§ **Your objective**: Repeat the entries exactly, and do not carry the pictures over.
________________________________________
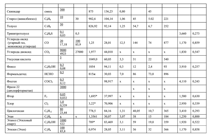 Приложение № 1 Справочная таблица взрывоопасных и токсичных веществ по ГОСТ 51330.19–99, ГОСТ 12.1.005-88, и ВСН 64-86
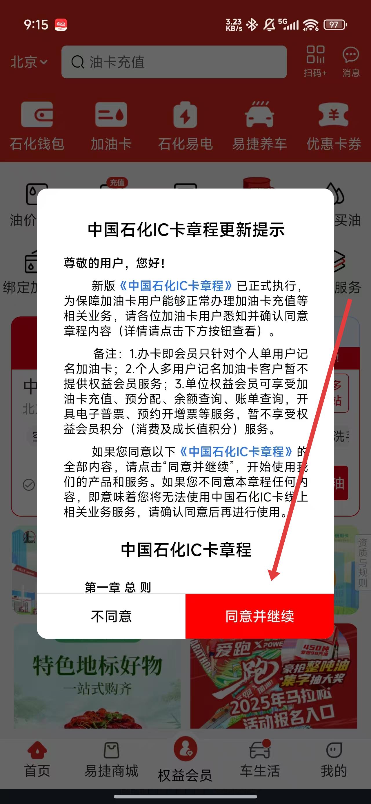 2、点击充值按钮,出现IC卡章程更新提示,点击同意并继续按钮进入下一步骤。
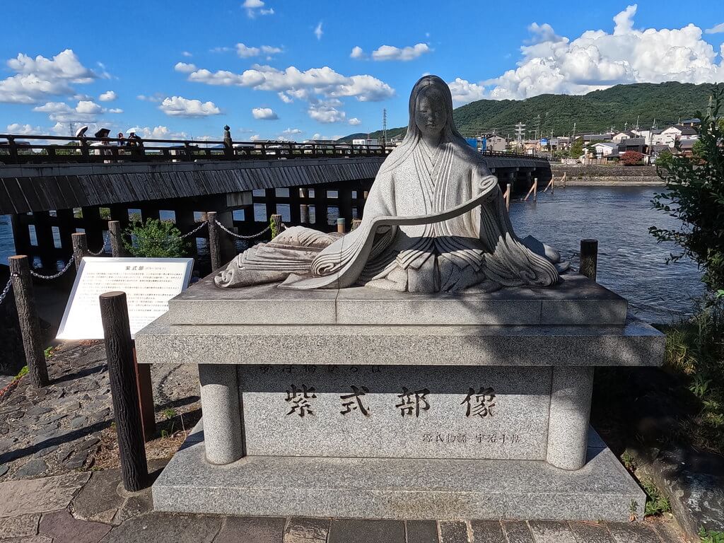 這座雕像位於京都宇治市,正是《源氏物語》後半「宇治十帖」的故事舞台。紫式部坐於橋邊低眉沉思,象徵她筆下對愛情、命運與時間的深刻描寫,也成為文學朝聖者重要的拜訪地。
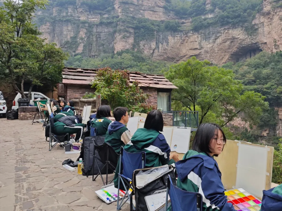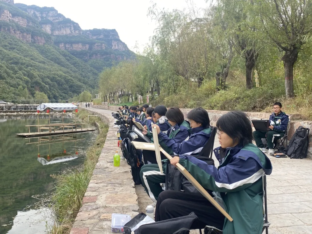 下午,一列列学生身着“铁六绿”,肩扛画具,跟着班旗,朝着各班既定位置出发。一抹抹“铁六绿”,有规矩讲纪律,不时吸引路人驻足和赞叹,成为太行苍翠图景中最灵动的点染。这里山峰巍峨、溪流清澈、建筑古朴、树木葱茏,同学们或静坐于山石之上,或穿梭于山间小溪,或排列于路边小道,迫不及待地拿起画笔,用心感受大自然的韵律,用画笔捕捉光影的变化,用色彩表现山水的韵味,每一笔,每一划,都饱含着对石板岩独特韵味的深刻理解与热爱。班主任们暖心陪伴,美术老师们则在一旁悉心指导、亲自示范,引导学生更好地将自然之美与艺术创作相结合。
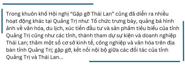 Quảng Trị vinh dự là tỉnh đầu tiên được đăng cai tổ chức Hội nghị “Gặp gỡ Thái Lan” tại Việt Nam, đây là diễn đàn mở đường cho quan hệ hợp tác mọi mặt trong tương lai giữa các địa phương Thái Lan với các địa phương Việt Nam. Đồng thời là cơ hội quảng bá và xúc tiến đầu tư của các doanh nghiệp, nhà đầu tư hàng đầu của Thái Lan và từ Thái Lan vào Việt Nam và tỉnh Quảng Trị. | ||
________________________________________
§ **Expected output**:
 Приложение № 1 Справочная таблица взрывоопасных и токсичных веществ по ГОСТ 51330.19–99, ГОСТ 12.1.005-88, и ВСН 64-86
 2、点击充值按钮,出现IC卡章程更新提示,点击同意并继续按钮进入下一步骤。
 這座雕像位於京都宇治市,正是《源氏物語》後半「宇治十帖」的故事舞台。紫式部坐於橋邊低眉沉思,象徵她筆下對愛情、命運與時間的深刻描寫,也成為文學朝聖者重要的拜訪地。
 下午,一列列学生身着“铁六绿”,肩扛画具,跟着班旗,朝着各班既定位置出发。一抹抹“铁六绿”,有规矩讲纪律,不时吸引路人驻足和赞叹,成为太行苍翠图景中最灵动的点染。这里山峰巍峨、溪流清澈、建筑古朴、树木葱茏,同学们或静坐于山石之上,或穿梭于山间小溪,或排列于路边小道,迫不及待地拿起画笔,用心感受大自然的韵律,用画笔捕捉光影的变化,用色彩表现山水的韵味,每一笔,每一划,都饱含着对石板岩独特韵味的深刻理解与热爱。班主任们暖心陪伴,美术老师们则在一旁悉心指导、亲自示范,引导学生更好地将自然之美与艺术创作相结合。
 Quảng Trị vinh dự là tỉnh đầu tiên được đăng cai tổ chức Hội nghị “Gặp gỡ Thái Lan” tại Việt Nam, đây là diễn đàn mở đường cho quan hệ hợp tác mọi mặt trong tương lai giữa các địa phương Thái Lan với các địa phương Việt Nam. Đồng thời là cơ hội quảng bá và xúc tiến đầu tư của các doanh nghiệp, nhà đầu tư hàng đầu của Thái Lan và từ Thái Lan vào Việt Nam và tỉnh Quảng Trị. | ||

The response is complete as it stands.